An executive coach in Pennsylvania has devised a plan to teach people how to manage the electronic tool, which some users say can be as much an intrusive waste of time as it is fast-paced and efficient.
Developed for cases such as a golfer who checked his BlackBerry after every shot, and lost a potential client who wanted nothing to do with his obsession, Marsha Egan's plan taps into deepening concern that email misuse can cost businesses millions of dollars in lost productivity.
"There is a crisis in corporate America, but a lot of CEOs don't know it," Egan said. "They haven't figured out how expensive it is."
One of Egan's clients cannot walk by a computer -- her own or anyone else's -- without checking for messages. Other people will not vacation anywhere they cannot connect to their email systems. Some wait for emails and send themselves a message if one hasn't shown up in several minutes, Egan said.
The first of Egan's 12 steps is "admit that email is managing you.
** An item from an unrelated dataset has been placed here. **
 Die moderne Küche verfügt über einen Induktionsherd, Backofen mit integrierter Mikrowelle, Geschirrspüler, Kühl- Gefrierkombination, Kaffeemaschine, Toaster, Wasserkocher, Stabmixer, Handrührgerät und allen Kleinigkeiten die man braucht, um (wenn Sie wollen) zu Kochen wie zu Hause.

Let go of your need to check email every 10 minutes."
Other steps include "commit to keeping your inbox empty," "establish regular times to review your email" and "deal immediately with any email that can be handled in two minutes or less but create a file for mails that will take longer."
Egan says she hosts no 12-step meetings but is planning a monthly teleconference for "emailers anonymous."
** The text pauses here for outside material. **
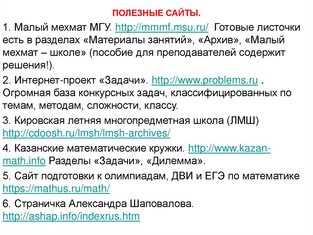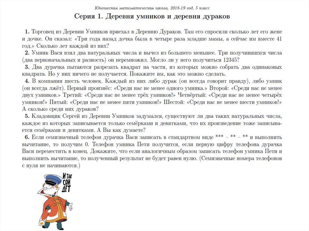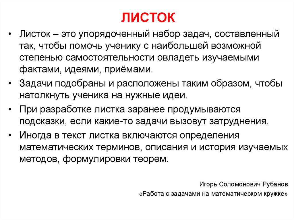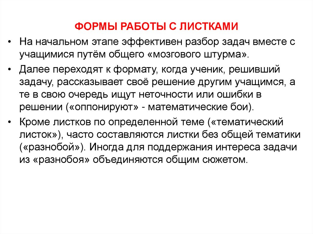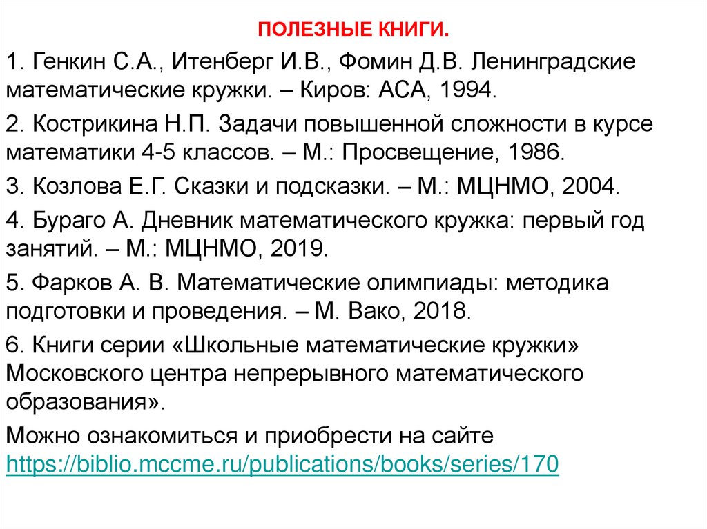 Работа с задачами на математическом кружке

Michelle Grace, an insurance agent in Lehighton, Pennsylvania, said she receives up to 60 emails a day and uses Egan's program to make it less time-consuming and less stressful.
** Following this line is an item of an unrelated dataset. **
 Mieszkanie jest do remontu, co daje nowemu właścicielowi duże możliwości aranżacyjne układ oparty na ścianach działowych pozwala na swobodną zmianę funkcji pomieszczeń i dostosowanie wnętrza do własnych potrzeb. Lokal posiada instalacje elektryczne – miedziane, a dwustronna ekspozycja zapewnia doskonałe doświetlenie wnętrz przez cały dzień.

"Email had me by the throat," she said. "When you can't find what you need, then it becomes a problem."
Now that her emails are transferred -- some manually and some automatically -- into files, Grace said she spends less time hunting for them.
On average, workers who receive an email take four minutes to read it and recover from the interruption before they can resume working productively, Egan said.
She also recommends checking emails not more than three or four times a day.
Some employees resist the lure of email during the regular workday, only to find themselves putting in extra hours at home to clear the backlog, she said. One of Egan's clients said he had 3,600 emails in his inbox.
Part of the problem is senders who copy messages too widely and are too vague in their subject lines, so recipients don't know what they need to open right away, Egan said.
For Grace, relief from her email addiction means she is not checking her computer every five minutes.
She said she has let her colleagues know that if they need to reach her immediately, email is not the way to do it.
"I told them, 'If you need me urgently, pick up the phone,'" she said.